Assigned task => Please, without the pictures, restate every entry exactly.

Data extract =>
====
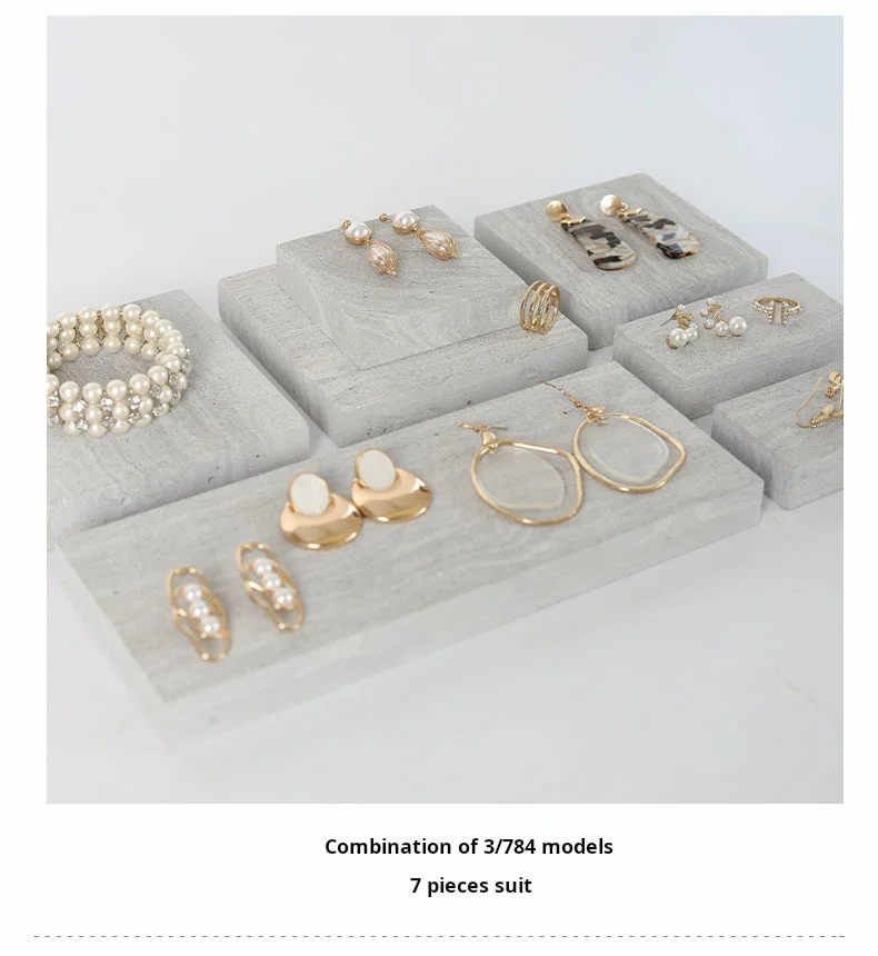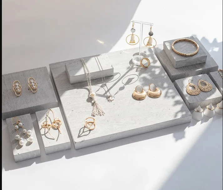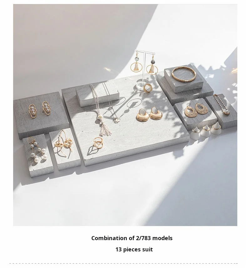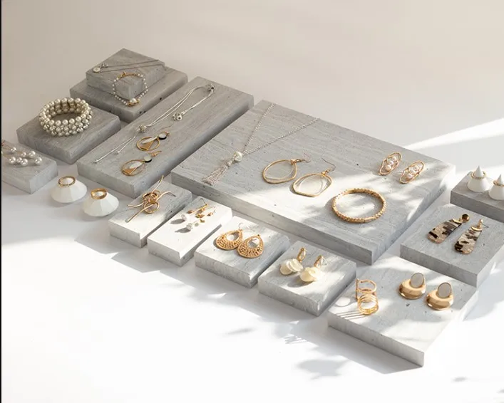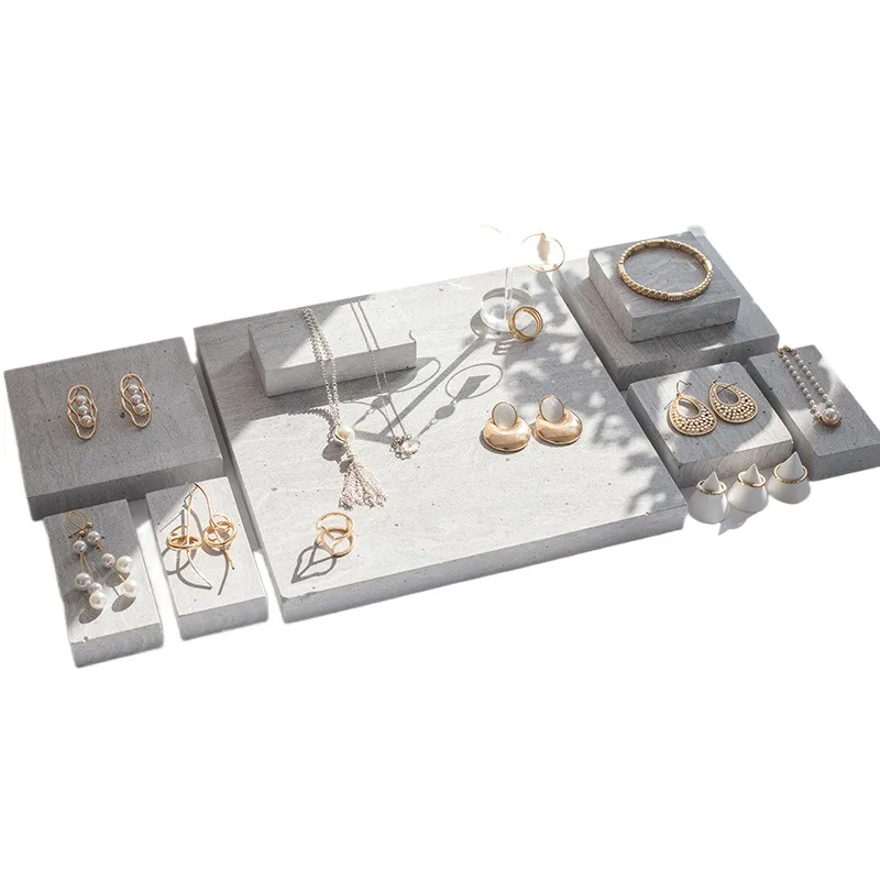 Simple Gray Nordic Geometric Stone Jewelry Display Stand Display Set
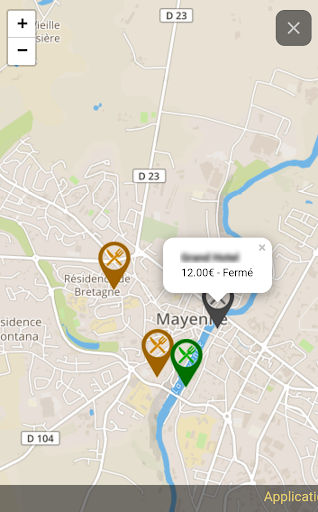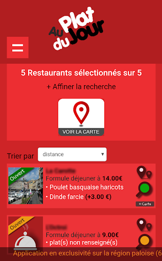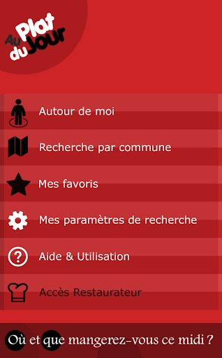 - Autour de moi (permet de lister les restaurants proposant un "Plat du Jour" et se trouvant dans la zone géolocalisée de votre smartphone et de les afficher dans une liste ou sur une carte)
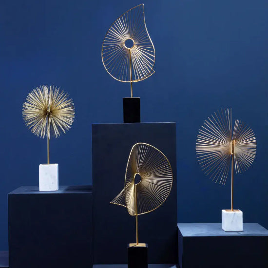 The Mirano sculpture with a series of sleek metal wires in a rich metallic tone will create a modern contemporary statement. The Mirano gold finish iron sculpture creates an elegant droplet shape. The irregular sculpture with intricate sleek metal wires in a luxe finish rests on a black granite base that provides stability.
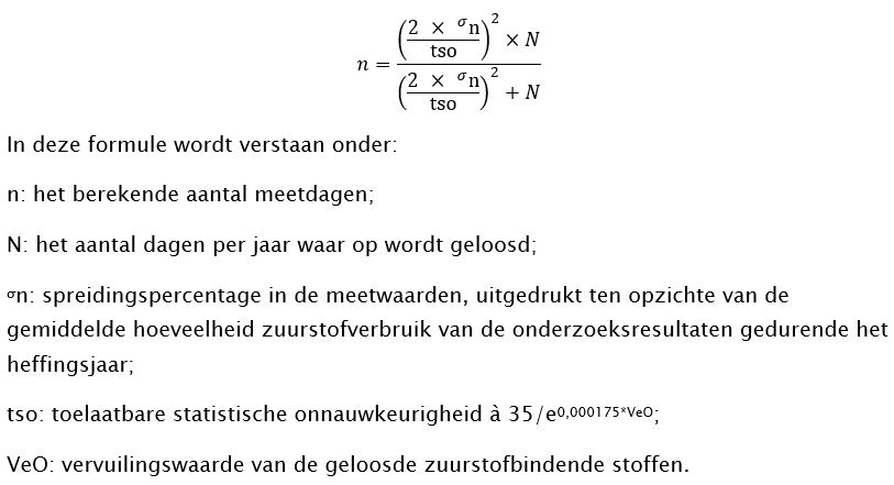 Het aantal vervuilingseenheden wordt bepaald door middel van meting, bemonstering en analyse van het afvalwater. Daarbij maakt het niet uit of dit elk etmaal geschiedt of gedurende een beperkt aantal etmalen.
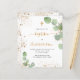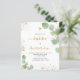 Un arrière - plan blanc décoré d'une végétation d'eucalyptus et d'une poussière de parties scintillant en faux or. Personnalisez et un nom et des détails de la cérémonie. Lettres noires et dorées. Dos : arrière - plan blanc avec poussière de parties scintillant en faux or.
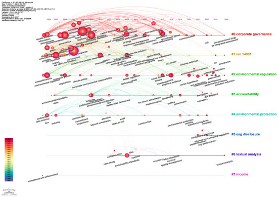 To further explore the evolution of research in corporate environmental compliance, this section utilizes CiteSpace’s timeline feature to conduct a visual mapping analysis of keywords. Figure 6 displays the seven main clusters and their distribution of keywords by year. The clusters are numbered based on the quantity of keywords they contain, with a lower cluster number indicating a higher number of keywords. Additionally, the display of keywords employs a tree ring format, where the diameter of the rings visually indicates the occurrence rate of each keyword, and the varying shades of the rings reveal the research popularity of the keywords in different years. This visualization method not only clearly marks the importance of each keyword but also provides an in-depth view of the changes in popularity of these keywords over time, offering an intuitive perspective for understanding the development trends within this research field.
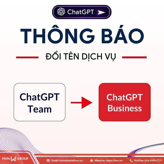 OpenAI đã đưa ra thông báo chính thức rằng từ ngày 29 tháng 8 năm 2025, ChatGPT Team đổi tên mới thành ChatGPT Business. Điều này đồng nghĩa với việc tất cả người dùng đang sử dụng gói Team trước đây sẽ thấy tên gói mới được hiển thị trong tài khoản, hóa đơn, cũng như tài liệu liên quan đến dịch vụ.
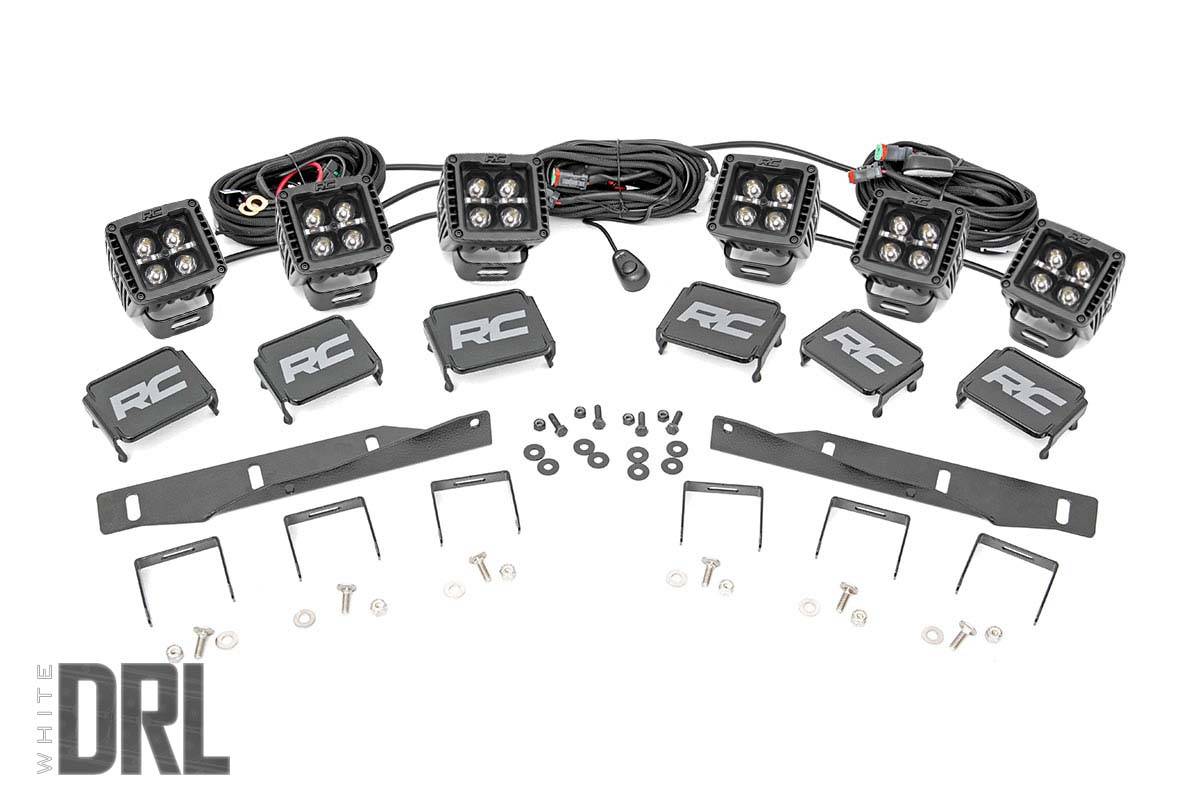 Rough Country - LED Light Kit - Fog Mount - Triple 2" Black Pair - White DRL - Ford Raptor (17-20)LED Light Kit - Fog Mount - Triple 2" Black Pair - White DRL - Ford Raptor (17-20)
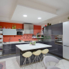 Cucina ad angolo con isola e secondo soggiorno con stufa a pellet
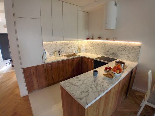 Znają Państwo również kuchnie, których nowoczesność to przede wszystkim funkcjonalność szczególnie tak popularne teraz kuchnie w stylu skandynawskim ale także awangardowa forma. Cechują je odważne zestawienia kolorów oraz niestandardowe łączenie materiałów. Meble na wymiar godzą współczesne rozwiązania z wyrafinowaniem. Zastosowanie najnowszych technologii pozwala połączyć tradycję z współczesnymi udogodnieniami
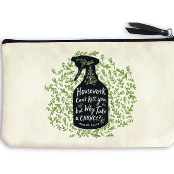 There is nothing more dangerous than a smart woman.. This lined, zipper pouch is an iconic mainstay and a huge bestseller in the Pretty Clever bag collection, especially for customers of gift shops, spas and bookstores. A practical, pretty and often humorous bag, It is the perfect size for carrying a small tablet, books, glasses, a cellphone and more. Each bag is hand-sewn, lined and available in two sizes to fit your entire customer audience - 11 inches wide and 9 inches high (Large) or 9 inches wide and 7 inches high (Small). All bags are lined with sturdy cotton fabric in various colors, set off by a black zipper and binding. Lining colors and patterns will vary in color and design. We are passionate about the power of words, whimsy, and humor, which is why we have included inspiring, funny and quotable words on each bag. Features- *Strong, Linen-colored canvas zip bag *Available in two sizes (small and large) *Lined with colorful fabric *Black zipper with zipper pull
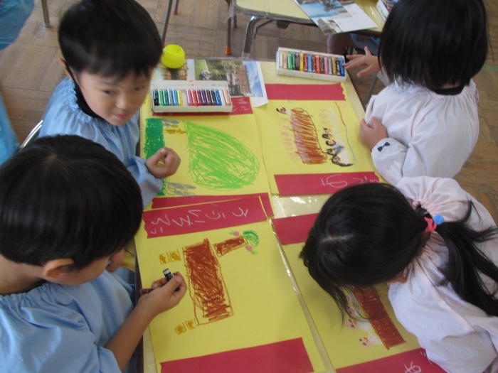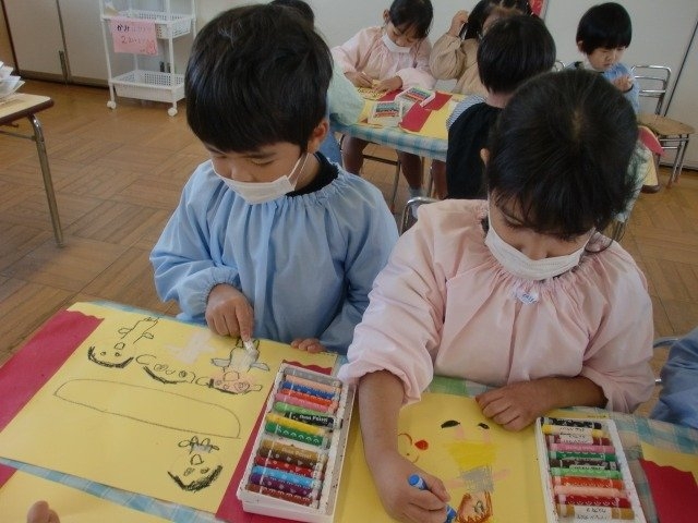 赤幕が貼れたら次はクレヨンで絵を描きます!
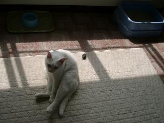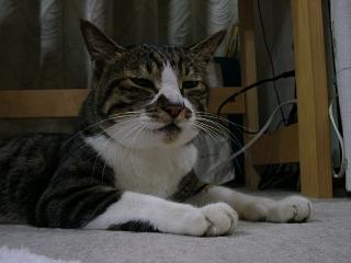 | 26日、怪我もだんだん良くなってきて、少し落ち着いてきたミック。でも、窓際で番犬のように、パパネコが外を通るのではないかと警戒している。 | 27日、2階の部屋でくつろぎ中のトト。後ろの小さな物体は、ネズミのおもちゃ。この部屋は日当たりがよくて、居心地がよかったね。 | 27日、2階の部屋でお昼寝中のアリー。『寝てるのに〜。写真なんて撮らなくてもいいよ〜』う〜ん、迷惑そうですね。。 |
====
Response to the exercise =>
 Simple Gray Nordic Geometric Stone Jewelry Display Stand Display Set
 - Autour de moi (permet de lister les restaurants proposant un "Plat du Jour" et se trouvant dans la zone géolocalisée de votre smartphone et de les afficher dans une liste ou sur une carte)
 The Mirano sculpture with a series of sleek metal wires in a rich metallic tone will create a modern contemporary statement. The Mirano gold finish iron sculpture creates an elegant droplet shape. The irregular sculpture with intricate sleek metal wires in a luxe finish rests on a black granite base that provides stability.
 Het aantal vervuilingseenheden wordt bepaald door middel van meting, bemonstering en analyse van het afvalwater. Daarbij maakt het niet uit of dit elk etmaal geschiedt of gedurende een beperkt aantal etmalen.
 Un arrière - plan blanc décoré d'une végétation d'eucalyptus et d'une poussière de parties scintillant en faux or. Personnalisez et un nom et des détails de la cérémonie. Lettres noires et dorées. Dos : arrière - plan blanc avec poussière de parties scintillant en faux or.
 To further explore the evolution of research in corporate environmental compliance, this section utilizes CiteSpace’s timeline feature to conduct a visual mapping analysis of keywords. Figure 6 displays the seven main clusters and their distribution of keywords by year. The clusters are numbered based on the quantity of keywords they contain, with a lower cluster number indicating a higher number of keywords. Additionally, the display of keywords employs a tree ring format, where the diameter of the rings visually indicates the occurrence rate of each keyword, and the varying shades of the rings reveal the research popularity of the keywords in different years. This visualization method not only clearly marks the importance of each keyword but also provides an in-depth view of the changes in popularity of these keywords over time, offering an intuitive perspective for understanding the development trends within this research field.
 OpenAI đã đưa ra thông báo chính thức rằng từ ngày 29 tháng 8 năm 2025, ChatGPT Team đổi tên mới thành ChatGPT Business. Điều này đồng nghĩa với việc tất cả người dùng đang sử dụng gói Team trước đây sẽ thấy tên gói mới được hiển thị trong tài khoản, hóa đơn, cũng như tài liệu liên quan đến dịch vụ.
 Rough Country - LED Light Kit - Fog Mount - Triple 2" Black Pair - White DRL - Ford Raptor (17-20)LED Light Kit - Fog Mount - Triple 2" Black Pair - White DRL - Ford Raptor (17-20)
 Cucina ad angolo con isola e secondo soggiorno con stufa a pellet
 Znają Państwo również kuchnie, których nowoczesność to przede wszystkim funkcjonalność szczególnie tak popularne teraz kuchnie w stylu skandynawskim ale także awangardowa forma. Cechują je odważne zestawienia kolorów oraz niestandardowe łączenie materiałów. Meble na wymiar godzą współczesne rozwiązania z wyrafinowaniem. Zastosowanie najnowszych technologii pozwala połączyć tradycję z współczesnymi udogodnieniami
 There is nothing more dangerous than a smart woman.. This lined, zipper pouch is an iconic mainstay and a huge bestseller in the Pretty Clever bag collection, especially for customers of gift shops, spas and bookstores. A practical, pretty and often humorous bag, It is the perfect size for carrying a small tablet, books, glasses, a cellphone and more. Each bag is hand-sewn, lined and available in two sizes to fit your entire customer audience - 11 inches wide and 9 inches high (Large) or 9 inches wide and 7 inches high (Small). All bags are lined with sturdy cotton fabric in various colors, set off by a black zipper and binding. Lining colors and patterns will vary in color and design. We are passionate about the power of words, whimsy, and humor, which is why we have included inspiring, funny and quotable words on each bag. Features- *Strong, Linen-colored canvas zip bag *Available in two sizes (small and large) *Lined with colorful fabric *Black zipper with zipper pull
 赤幕が貼れたら次はクレヨンで絵を描きます!
 | 26日、怪我もだんだん良くなってきて、少し落ち着いてきたミック。でも、窓際で番犬のように、パパネコが外を通るのではないかと警戒している。 | 27日、2階の部屋でくつろぎ中のトト。後ろの小さな物体は、ネズミのおもちゃ。この部屋は日当たりがよくて、居心地がよかったね。 | 27日、2階の部屋でお昼寝中のアリー。『寝てるのに〜。写真なんて撮らなくてもいいよ〜』う〜ん、迷惑そうですね。。 |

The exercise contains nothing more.